En azından, kendi bölgemdeki işçi ve emekçilerin celladına aşık biçimde oy kullanacak olması ve karşı çıkıp HAYIR diyenleri ‘terörist’ kabul etmesi, gelecek 50 yılın sınıfsal ve toplumsal açıdan yaşanacak kayıplarını onaylaması anlamına geliyor.
Bilinmelidir ki, sözünü ettiğim bu kaybı ne tramvay, ne metro, ne monoray, ne teleferik, ne evlere yapılan sosyal yardımlar ne de küçük ekonomik rüşvetler karşılayamaz, karşılayamayacaktır.
Daha düne kadar ülke genelinde olduğu gibi kentimizde de iktidarı hırsızlık, arsızlık ve emperyalizme esaretle suçlayan MHP’nin il başkanından başlayarak yönetim kademelerinde görev yapan isimleri ve bazı üyelerinin, AKP il başkanı ve yönetici gurubuyla sokaklara çıkıp el ele görüntü vermesinin altında yatan gerçekleri, en çok da MHP’nin yereldeki örgütü içindeki muhalif kanat biliyor.
Çünkü, Büyükşehir Belediyesi ve diğer belediyelerdeki yolsuzluk projelerine en çok muhalefet edenler MHP meclis üyeleri oluyordu.

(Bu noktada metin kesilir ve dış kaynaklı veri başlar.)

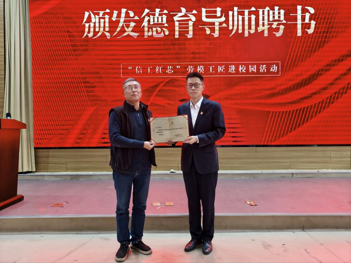 讲座结束后,该院党总支书记刘浩为屈勇颁发“江西职业技术大学电子信息工程技术专业群德育导师”聘书。

Ama, nedense şimdilerde onların da sesi kısılmış durumda. Genel merkezin boyunduruğunu kabul etmiş, kayıtsız şartsız teslim olmuş il başkanı ve yönetimi, yıllarca MHP için mücadele etmiş çok sayıda kanaat önderi ve üye için giyotini çalıştırıyor, kelleler bir bir alınıyor.
Bu süreçte, omuz omuza diyenlerin tarihsel şansı biraz daha fazla olduğu için, iktidar bloku genelde olduğu gibi yerelde de davranışlarda hırçınlaşıyor, söylemlerde ise çirkinleşiyor.
Özet olarak;
Başkanlık rejimine sahip ülkelerde temel işçi hakları ve sendikal haklar daha yoğun biçimde ihlal ediliyor, bu asla unutulmamalı.
Başkanlık sistemi, işçilerin emekçilerin yararına olmayan bir düzendir. Emekçiler, çıkarlarının bir kişinin iki dudağı arasına sıkıştırıldığı rejime güçlü biçimde HAYIR demelidir.